- [ABOUT THIS EXERCISE]: Your output should be the lines below from the one holding "ASUS ROG STRIX" through the one holding "Our tool offers", transcribed exactly, with no pictures.
--- RECORD EXTRACTS Enclosed Below ---
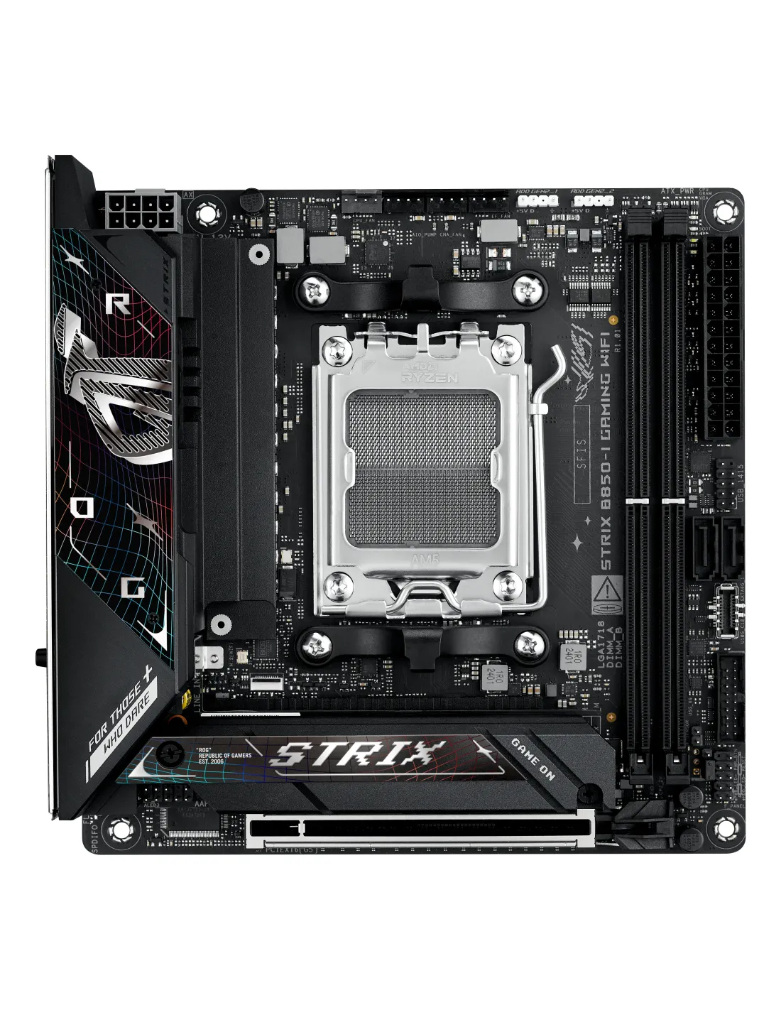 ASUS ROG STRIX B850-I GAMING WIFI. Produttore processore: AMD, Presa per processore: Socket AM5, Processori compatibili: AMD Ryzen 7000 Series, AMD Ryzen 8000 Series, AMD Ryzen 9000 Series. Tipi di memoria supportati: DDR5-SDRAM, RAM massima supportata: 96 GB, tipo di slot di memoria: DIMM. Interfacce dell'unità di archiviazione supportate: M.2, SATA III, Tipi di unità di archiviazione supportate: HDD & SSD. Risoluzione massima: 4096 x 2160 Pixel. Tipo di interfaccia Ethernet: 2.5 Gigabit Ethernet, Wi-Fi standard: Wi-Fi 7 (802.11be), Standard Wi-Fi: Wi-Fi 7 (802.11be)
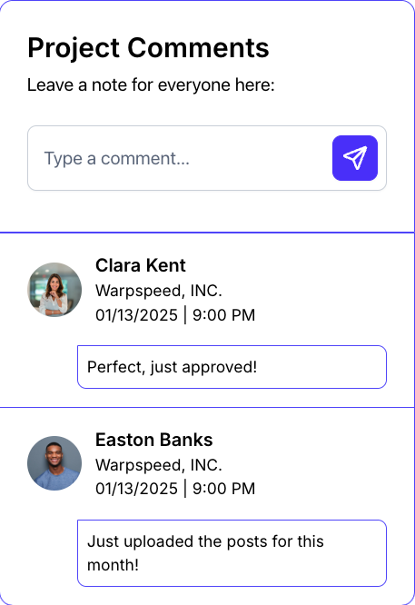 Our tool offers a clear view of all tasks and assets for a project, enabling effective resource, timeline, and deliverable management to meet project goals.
--- End of Enclosed RECORD EXTRACTS ---
--- RECORD EXTRACTS Enclosed Below ---
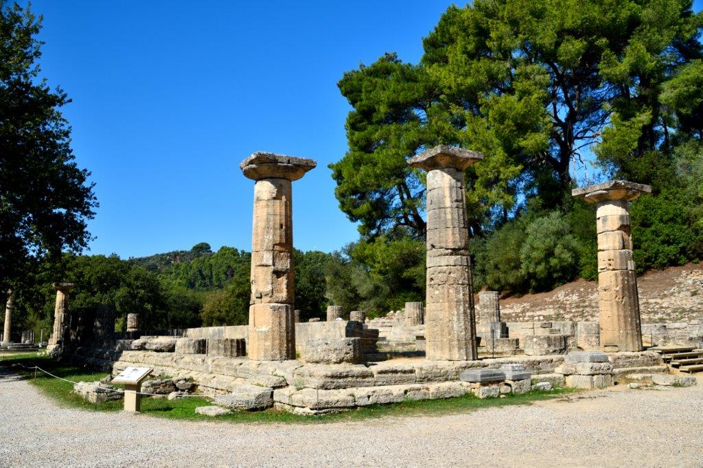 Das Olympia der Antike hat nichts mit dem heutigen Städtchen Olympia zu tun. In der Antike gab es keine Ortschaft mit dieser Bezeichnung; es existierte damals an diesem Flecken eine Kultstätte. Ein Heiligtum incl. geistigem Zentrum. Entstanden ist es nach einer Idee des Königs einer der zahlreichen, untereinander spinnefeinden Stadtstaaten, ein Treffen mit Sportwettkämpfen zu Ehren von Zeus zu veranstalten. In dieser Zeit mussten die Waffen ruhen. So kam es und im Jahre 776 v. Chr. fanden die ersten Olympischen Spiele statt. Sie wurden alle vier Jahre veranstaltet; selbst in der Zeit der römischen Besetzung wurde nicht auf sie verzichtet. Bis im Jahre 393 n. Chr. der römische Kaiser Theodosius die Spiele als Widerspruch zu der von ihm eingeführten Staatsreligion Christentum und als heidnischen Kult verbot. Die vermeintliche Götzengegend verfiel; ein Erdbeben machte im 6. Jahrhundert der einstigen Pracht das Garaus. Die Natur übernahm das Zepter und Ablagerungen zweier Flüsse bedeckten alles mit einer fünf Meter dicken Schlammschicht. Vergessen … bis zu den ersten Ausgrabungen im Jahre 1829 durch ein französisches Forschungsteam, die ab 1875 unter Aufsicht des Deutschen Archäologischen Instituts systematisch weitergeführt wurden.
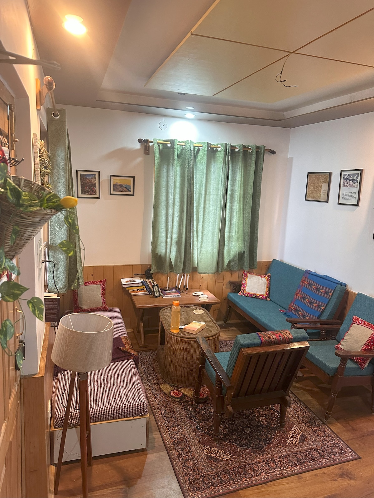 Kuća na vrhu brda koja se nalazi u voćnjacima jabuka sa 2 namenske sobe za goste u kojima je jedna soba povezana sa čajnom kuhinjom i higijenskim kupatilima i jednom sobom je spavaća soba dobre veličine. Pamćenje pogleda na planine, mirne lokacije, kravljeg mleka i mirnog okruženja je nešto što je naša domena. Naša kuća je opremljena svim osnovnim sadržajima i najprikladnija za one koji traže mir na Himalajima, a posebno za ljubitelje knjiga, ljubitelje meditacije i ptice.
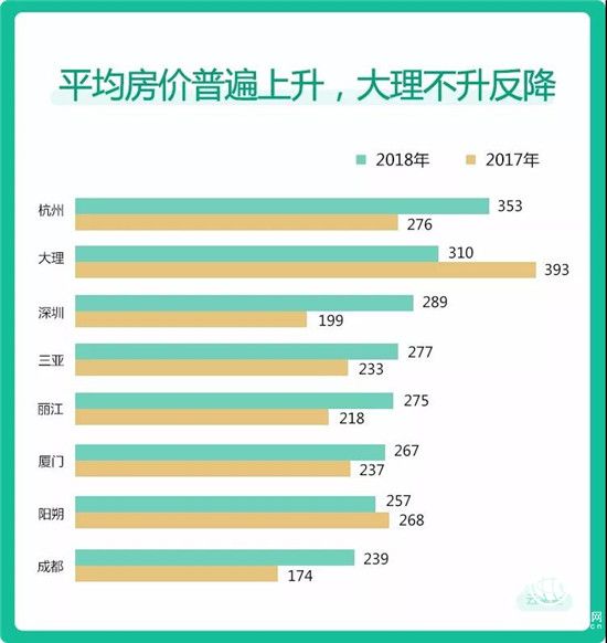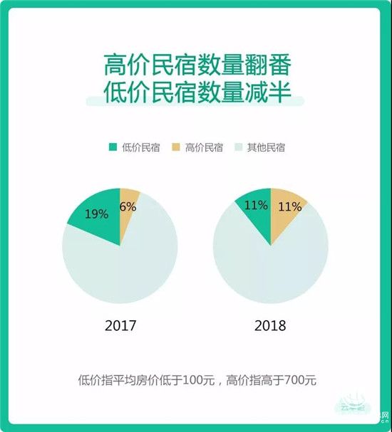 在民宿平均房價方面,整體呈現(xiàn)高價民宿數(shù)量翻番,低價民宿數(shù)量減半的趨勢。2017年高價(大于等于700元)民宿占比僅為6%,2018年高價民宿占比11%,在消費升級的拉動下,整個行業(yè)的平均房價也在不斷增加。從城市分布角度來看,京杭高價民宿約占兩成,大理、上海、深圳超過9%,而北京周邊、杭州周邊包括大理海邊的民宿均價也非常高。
--- End of Enclosed RECORD EXTRACTS ---
- [RESPONSE]:
 ASUS ROG STRIX B850-I GAMING WIFI. Produttore processore: AMD, Presa per processore: Socket AM5, Processori compatibili: AMD Ryzen 7000 Series, AMD Ryzen 8000 Series, AMD Ryzen 9000 Series. Tipi di memoria supportati: DDR5-SDRAM, RAM massima supportata: 96 GB, tipo di slot di memoria: DIMM. Interfacce dell'unità di archiviazione supportate: M.2, SATA III, Tipi di unità di archiviazione supportate: HDD & SSD. Risoluzione massima: 4096 x 2160 Pixel. Tipo di interfaccia Ethernet: 2.5 Gigabit Ethernet, Wi-Fi standard: Wi-Fi 7 (802.11be), Standard Wi-Fi: Wi-Fi 7 (802.11be)
 Our tool offers a clear view of all tasks and assets for a project, enabling effective resource, timeline, and deliverable management to meet project goals.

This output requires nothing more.